MULHER É BICHO COMPLICADO...
Tudo começou com a mesa da sala. Compramos uma mesa branca na Tok & Stok, que ela escolheu. Essa mesa começou a descascar. Fomos trocá-la, depois de muito trabalho, de uma péssima assistência da garantia.
- Vê essa (disse eu): é bonita, é de madeira de verdade.
- Será mesmo madeira, amor?
- Bem, se não for, é madeira em tese, porque não há quem diga...
- Gostei dela. Vamos trocar.
Tocamos. Recebemos. Montamos.
No começo, tudo bem. Mas, do nada, ela falou:
- Essa mesa... Não sei não...
- Que foi?
- Nada...
Um dia, enquanto a gente jantava:
- Essas cadeiras são desconfortáveis... Estão empenando...

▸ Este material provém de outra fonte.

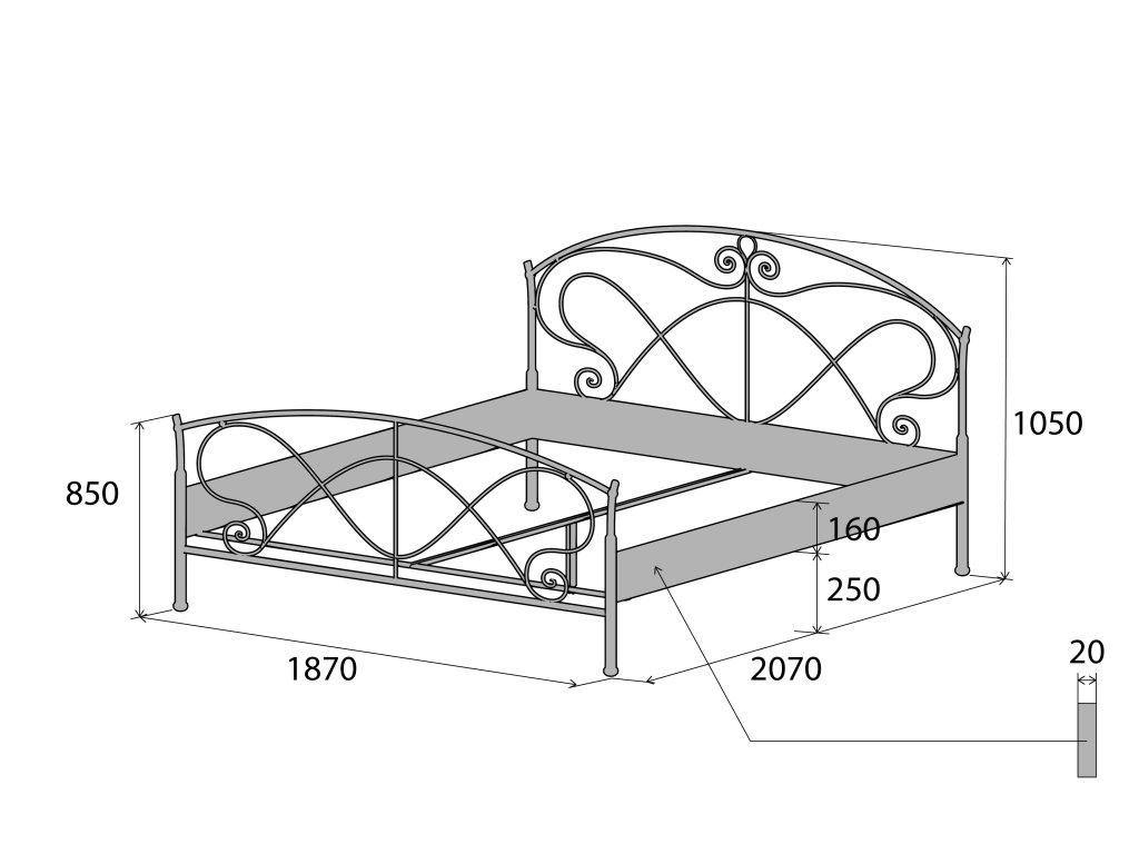 Vonkajšie rozmery postele (pre dvojlôžko s rozmerom 180×200) sú 187cm x 207cm.

- Não estão. Veja só: estão normais.
- Então tá...
Sábado à noite, tomávamos um chopinho na varanda, e ela, do nada, mudou de conversa e, com cara de desprezo, olhou lá pra dentro e resmungou:
- Eu odeio essa mesa. Quando a gente se mudar, ela não vai de jeito nenhum!
- Eu gosto dela.
- Eu detesto.
Nunca esqueci aquela cara de desgosto. Profunda, sincera, atravessada. Coitada da mesa!
Um dia, chego do trabalho e ela fala:
- Mô, a geladeira quebrou. Tá aqui o orçamento: quase o preço de uma nova!
- Vamos comprar outra. É o jeito!
Dia seguinte, fomos à loja.
- Mô, veja essa: toda inox, preço bom, tem até um filtro na porta. Vê o congelador: uma fabriquinha de gelo pra você fazer seu cuba-libre...
- Ok. É bacana mesmo. Vamos levar.
Depois de uns meses, entro na cozinha e ela está olhando pra geladeira, fixa, pensativa, braços cruzados, mão no queixo.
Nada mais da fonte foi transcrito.